- STUDY MATERIAL
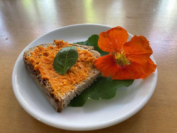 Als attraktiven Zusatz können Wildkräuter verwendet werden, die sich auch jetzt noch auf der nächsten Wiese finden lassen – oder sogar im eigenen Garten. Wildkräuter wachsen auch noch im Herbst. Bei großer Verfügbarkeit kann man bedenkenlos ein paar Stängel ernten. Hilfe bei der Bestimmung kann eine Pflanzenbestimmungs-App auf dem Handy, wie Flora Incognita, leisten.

...

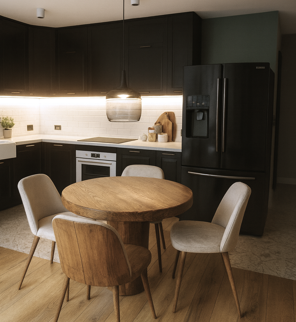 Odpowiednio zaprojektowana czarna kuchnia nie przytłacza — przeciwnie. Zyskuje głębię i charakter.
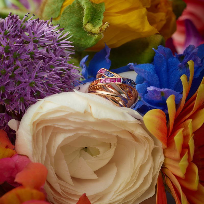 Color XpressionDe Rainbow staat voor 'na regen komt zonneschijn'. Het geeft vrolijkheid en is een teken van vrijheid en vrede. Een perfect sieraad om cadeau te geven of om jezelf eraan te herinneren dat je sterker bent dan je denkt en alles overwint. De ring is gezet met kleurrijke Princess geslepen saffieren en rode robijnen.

* * *

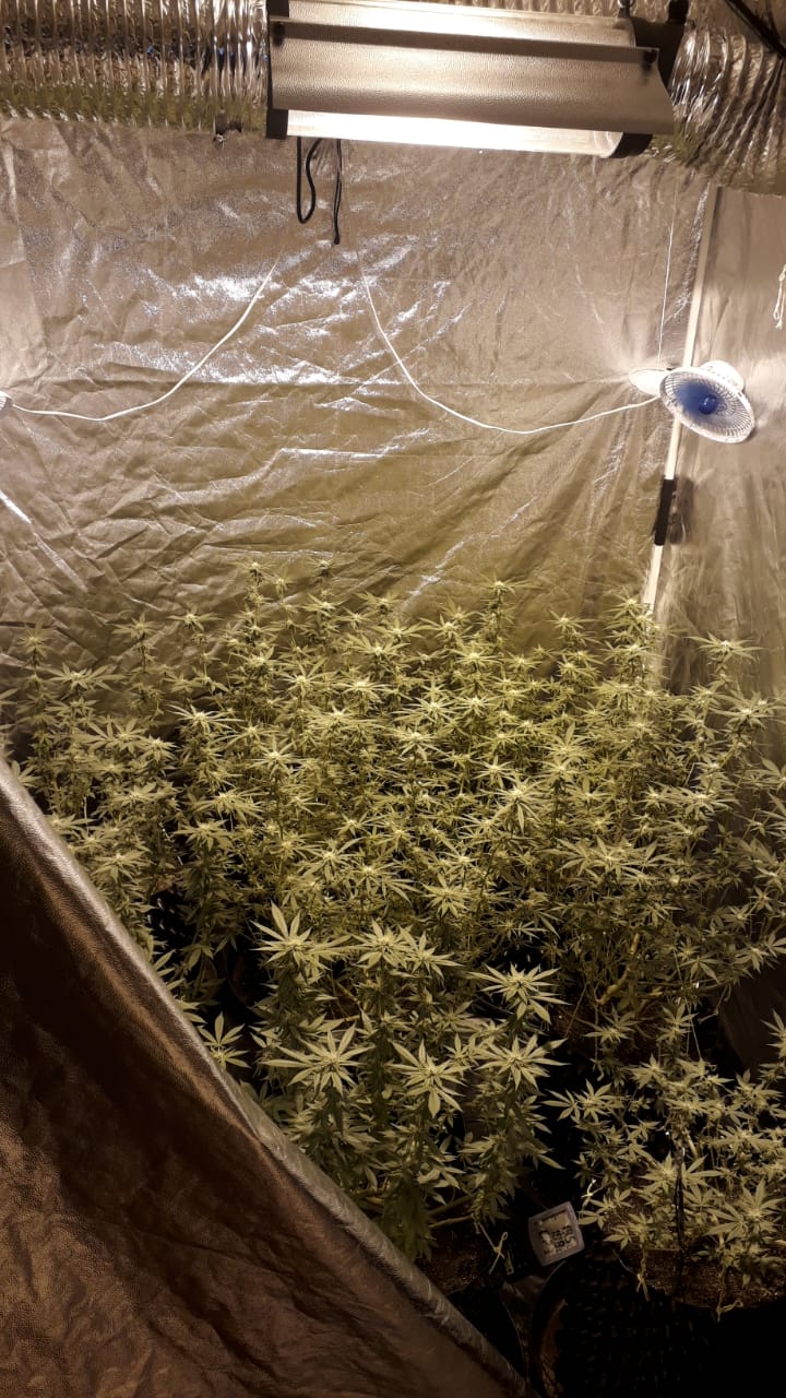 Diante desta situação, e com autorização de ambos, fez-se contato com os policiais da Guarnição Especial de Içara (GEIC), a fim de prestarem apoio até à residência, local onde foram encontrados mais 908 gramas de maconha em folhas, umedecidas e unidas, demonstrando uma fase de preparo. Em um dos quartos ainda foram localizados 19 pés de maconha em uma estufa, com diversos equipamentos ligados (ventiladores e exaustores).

- TASK
With the pictures omitted, copy the entries above exactly from the line containing "Odpowiednio zaprojektowana czarna" through the line containing "Color XpressionDe Rainbow", both lines included.

- ANSWER BOX
 Odpowiednio zaprojektowana czarna kuchnia nie przytłacza — przeciwnie. Zyskuje głębię i charakter.
 Color XpressionDe Rainbow staat voor 'na regen komt zonneschijn'. Het geeft vrolijkheid en is een teken van vrijheid en vrede. Een perfect sieraad om cadeau te geven of om jezelf eraan te herinneren dat je sterker bent dan je denkt en alles overwint. De ring is gezet met kleurrijke Princess geslepen saffieren en rode robijnen.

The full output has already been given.